I will be keeping track of what happens with my mason nests this year, and posting photos if I get any tenants.


----------



## johng

Ok I'm pretty sure I finally have some tenants!!! I have 3 holes capped over with mud and I have one more almost capped. I'm still not 100% sure they are mason bees but, I assume they are. They have a mud cap over the hole just like a honey bee would cap brood.


----------



## Omie

Wow, that is so great! Mud capped tubes?- sure sounds like mason bees to me. Can you take some photos to show us?
Pick a warm sunny windless midday and sit down in front of your box for 15 minutes....I bet you will see some of your tenants then.

My two species of mason bees are coming and going every minute or so in two of my 3 boxes. I estimate there must be about 10 different females in all, using their various favorite tubes. Still cold here at night in the 30's-40s, so no tube completion and capping yet. But there is plenty of action with females bringing in pollen and bits of mud. 
In the morning when it's still too cool to fly, but the sun is hitting the front of the nests, you can see some little faces and feet in the fronts of the tubes, warming their tootsies in the sun before going out.  They are really _too sweet_, these little solitary bees. I love having them on my kitchen porch!
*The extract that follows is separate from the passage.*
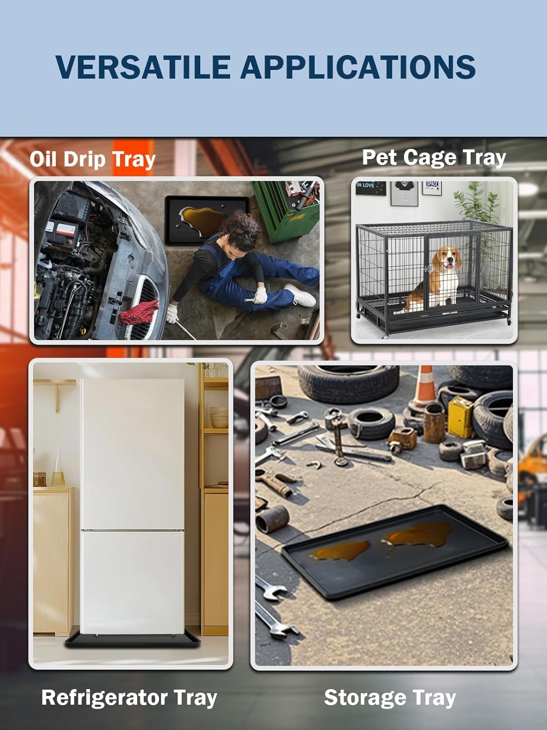 - 【Wide Range of Uses】Great value in multi-pack options. Stackable for compact storage when not in use. Suitable as an oil drip tray, snow blower drip catcher, engine leak tray, floor protector under appliances, mini fridge tray, litter box liner, or even for collecting condensation under HVAC units. Can also be used as a general-purpose utility tray.

Dave made me a third nesting block at my request, which I put up. It has 36 slightly smaller (1/4") holes than the 5/16" mason bee holes in the other nests, and we are hoping some leafcutter bees might take interest in it later this Spring. Leafcutters apparently like ever so slightly narrower tubes, and shallower, like 4" long instead of 6". So I asked Dave to make me one, and it looks great! I think leafcutter bees are active a little later here than the mason bees, so the timing is good.


----------



## DavesBees

That is cool! Omie nailed it; you should be able to watch some action fairly quickly. They can’t sneak that mud into the holes.


----------